CMS Modernizes Payment Accuracy and Significantly Cuts Spending Waste while Improving Chronic Disease Management for Medicare Beneficiaries

CMS.gov - Press Release 10/31/2025 - CMS Modernizes Payment Accuracy and Significantly Cuts Spending... 

 

excerpts from the above link ~

The Centers for Medicare & Medicaid Services (CMS) is increasing quality of care for Medicare beneficiaries while significantly reducing unnecessary spending and promoting payment accuracy.

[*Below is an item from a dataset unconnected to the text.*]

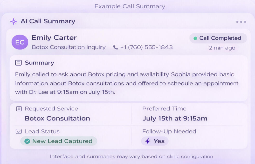 Sophia connects to your clinic’s phone system to answer calls when your team is busy or the office is closed. She collects caller information and follows your clinic’s workflow to schedule or route calls.✓ Answer missed or after-hours calls automatically✓ Collect caller information and appointment requests✓ Follow your clinic’s scheduling and call-routing workflow✓ Provide secure AI call summaries for your team

The calendar year (CY) 2026 Medicare Physician Fee Schedule (PFS) final rule advances primary care management through improved quality measures, reduces waste and unnecessary use of skin substitutes, and introduces a new payment model focused on improving care for chronic disease management.

 

Modernizing Payment Accuracy 

In the CY 2026 Physician Fee Schedule (PFS) final rule, CMS is finalizing a modest -2.5% efficiency adjustment to select services to better recognize that some services are likely to become more efficient over time, as compared to time-based services like office visits or behavioral health therapy. The efficiency adjustment targets services that have likely become able to be furnished more efficiently over time but still retain valuations based on outdated assumptions. Examples include surgical procedures, diagnostic imaging interpretation, outpatient interventions, interventional pain management, and orthopedic services. These tend to benefit from technological advancements or standardized workflows that reduce time and resource use, without corresponding payment adjustments.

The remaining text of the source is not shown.